Mark Jaroski wrote:
Hi all,
I hope that this isn't too out of left field, especially coming from a
relative unknown. I do however think that this is a conceptual problem in
the Parser class which ought to receive some attention eventually.
You see, it seems to me that the Parser is in fact more Renderer than it is
parser, and most of the options in ParserOptions are in fact Rendering
options.
It's not a parser at all, a fact which I was aware of when I named the
class in MediaWiki 1.2 (it was OutputPage::addWikiText before that). But
"parser" was a nice short name which was at least vaguely related to its
purpose, and since people with a computer science background compulsively
refer to everything that processes text as a parser, that part of the
codebase had already been referred to as such on occasion.
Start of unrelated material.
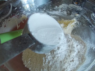 Battre le beurre et le sucre glace jusqu’à consistance légère et mousseuse. Incorporer la farine ainsi que la fécule de mais ou la farine de riz.

I noticed this while working on a tag extension for
events. My goal was to
parse some wikitext to obtain an array of PHP objects of a class Event
which cooresponds to a an "event" tag I've defined. Well, I can sort of
pull this off by creating a special parser, and adding parser hook which
builds the objects for each array and sticks them into a global. Of course
to do this I need to initialize the parser with a ParserOptions object, and
of course the parser goes on to render HTML which I don't actually want,
since the goal is just to get the intermediate stage.
I'm not really clear on what you're trying to do, but maybe it can be
achieved by only calling the parts of the parser that you need. There's
more to the Parser class than parse().
It occurs to me that separating the Parse stage from
the Render stage could
have some other useful effects, like making it easier to add different
renderers, and making it a bit easier to start on the Parser
rationalizations that people have been talking about.
Of course any such separation will mean having to specify at least some of
the parser and renderer behaviour, but maybe not all. At any rate it
should make it easier to do so.
So my question is this: does separating the two functions seem like a
worthwhile task to anybody else here?
It could be useful, but be assured that it's the most difficult way
possible to do whatever it is you're trying to do. There's a huge quantity
of code involved, and there are stringent performance and backwards
compatibility requirements if it's going to be used on Wikimedia. It's not
a project for the faint-hearted.
At least it's a better proposal than the one to have XML as an
intermediate format.
-- Tim Starling